Schematic of a spirograph setup
The equations of the two circles are given by \begin{align*} && && \text{Ring: }& & x^2 + y^2 &= R^2 && &&\\ && && \text{Cog: }& & (x-(R-r))^2 +y^2 &= r^2. && && \end{align*} By examining the path the pen takes as the cog rotates around the ring, we get the following pair of parametric equations for the hypotrochoid: \begin{align*} x(t) &= (R-r)\cos(t) + d\cos\left({\frac{R-r}{r}t}\right) \\ y(t) &= (R-r)\sin(t)-d\sin\left({\frac{R-r}{r}t}\right). \end{align*} Note here that the parametric variable $t$ is not the polar angle, but the angle between the centre of the rotating cog and the horizontal axis. To complete the full pattern, this angle $t$ takes values from $0$ (when the pattern starts) to $ 2\pi \times \operatorname{LCM}(r,R)/{R} $ (when the pattern is complete). Here, $\operatorname{LCM}$ denotes the lowest common multiple between the radii of the cog and ring. Interestingly, we can use this to determine the number of spokes a spirograph pattern will have, and how many rotations of the cog it takes for the pattern to be complete! We have \begin{equation*} \text{number of rotations} = \frac{\operatorname{LCM}(r,R)}{R}, \end{equation*} and \begin{equation*} \text{number of spokes} = \frac{\operatorname{LCM}(r,R)}{r}. \end{equation*}
What we can notice is that only the radii of the two circles affect the number of spokes in your pattern. The pen location $d$ has no impact on this. The pen location only changes how `spiky’ your pattern is. When your pen is close to the centre of the cog, you will obtain very wide and short spokes, and when the pen is closer to the edge of the cog, you will get more tall and narrow spokes.

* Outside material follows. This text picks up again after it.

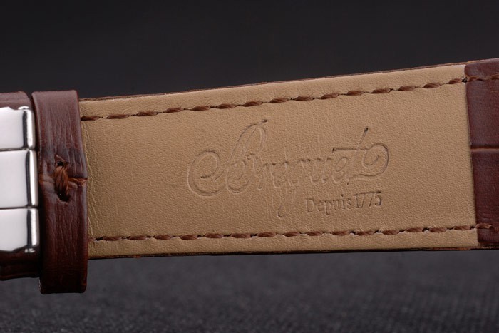 Bracelet de acero inoxidable: Correa de relojes de calor en relieve de cocodrilo marrón de cuero con Brequet grabado de acero inoxidable pulido y plegable gancho hebilla clasp

In particular it is the ratio between the two radii that is most important. Let’s call this ratio \begin{equation*} k = \frac{R}{r}. \end{equation*} We get different behaviour depending on the value of $k$. If $k$ is a rational number, given in its simplest form as $k=a/b$, the number of spokes is given by $a$ and the number of rotations are given by $b$. This is equivalent to the LCM formulation presented above. We get some interesting examples when $k$ is an integer (but we will look at those later). If $k$ is irrational the pattern is infinite and will never complete.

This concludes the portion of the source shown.